The blockrand package is designed for this kind of study.
First, we want to library (install if you have not already) the blockrand package.
library(blockrand)
For this example, we are assuming about 20 people will be enrolled and we think that gender (male and female) is critical to ensure that they are equally spread throughout the different treatments, which in our case we are using A (treatment) and B (control) groups. The code below from the blockrand guide demonstrates how to produce this random sequence.
male = blockrand(n = 10, id.prefix = "M", block.prefix = "M", stratum = "Male")
female = blockrand(n = 10, id.prefix = "M", block.prefix = "M", stratum = "Female")

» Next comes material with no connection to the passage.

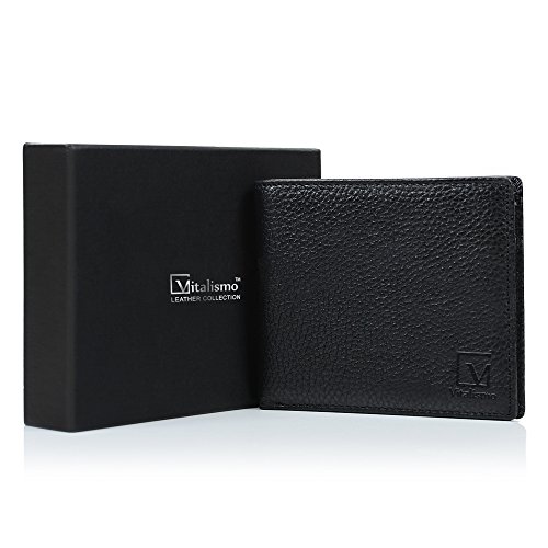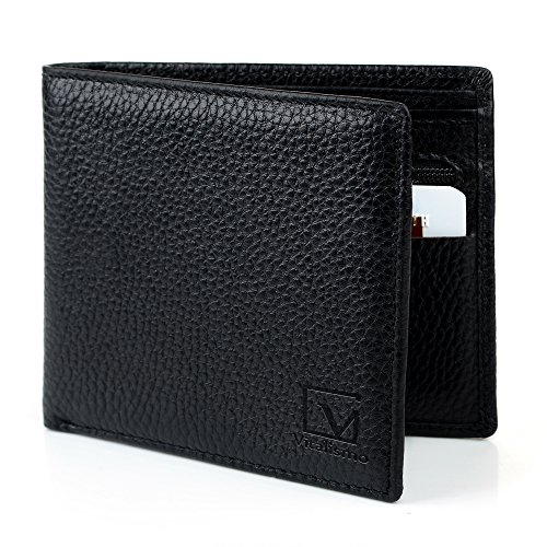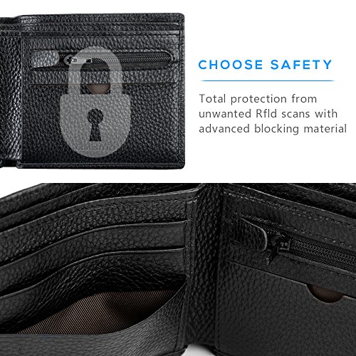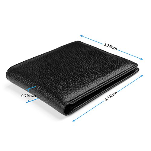-. Feature : GOOD MATERIAL: Using durable pebbled leather, tested and Approved by standard Lab Test. / CLASSIC DESIGN : This is the classic traditional bifold style wallet, including card slots, one bill pocket, full size Bill section, and ID window, to meet your daily needs. / SAFETY SECURITY: Equipped with advanced RFID SECURE Technology, protect your personal account information cannot be Obtained by pickpocketing thieves. / CONVENIENT to DAILY LIFE: You can keep your important cards all the time, access money easily, show your ID at the ready. The wallet slim profile fits nicely in your front or back pocket, you can get what you want at hand. / HIGH DURABILITY: This genuine leather wallet doesn't bulk up and easily slips in and out of your pocket or purse. If you don't torment it,you can use it for a long time.

random_assign = rbind(male, female)
random_assign
## id stratum block.id block.size treatment
## 1 M01 Male M1 6 B
## 2 M02 Male M1 6 A
## 3 M03 Male M1 6 A
## 4 M04 Male M1 6 A
## 5 M05 Male M1 6 B
## 6 M06 Male M1 6 B
## 7 M07 Male M2 4 B
## 8 M08 Male M2 4 A
## 9 M09 Male M2 4 B
## 10 M10 Male M2 4 A
## 11 M01 Female M1 8 A
## 12 M02 Female M1 8 A
## 13 M03 Female M1 8 A
## 14 M04 Female M1 8 B
## 15 M05 Female M1 8 B
## 16 M06 Female M1 8 A
## 17 M07 Female M1 8 B
## 18 M08 Female M1 8 B
## 19 M09 Female M2 4 A
## 20 M10 Female M2 4 A
## 21 M11 Female M2 4 B
## 22 M12 Female M2 4 B
With this data, a researcher can split this information into a spreadsheet and when a male comes in they can look at the male spreadsheet and see which treatment package this person will get. Or the researcher can just provide a set of envelopes that is in two piles male and female that has the treatment assignment and the researcher could just hand the treatment assignment to the participant.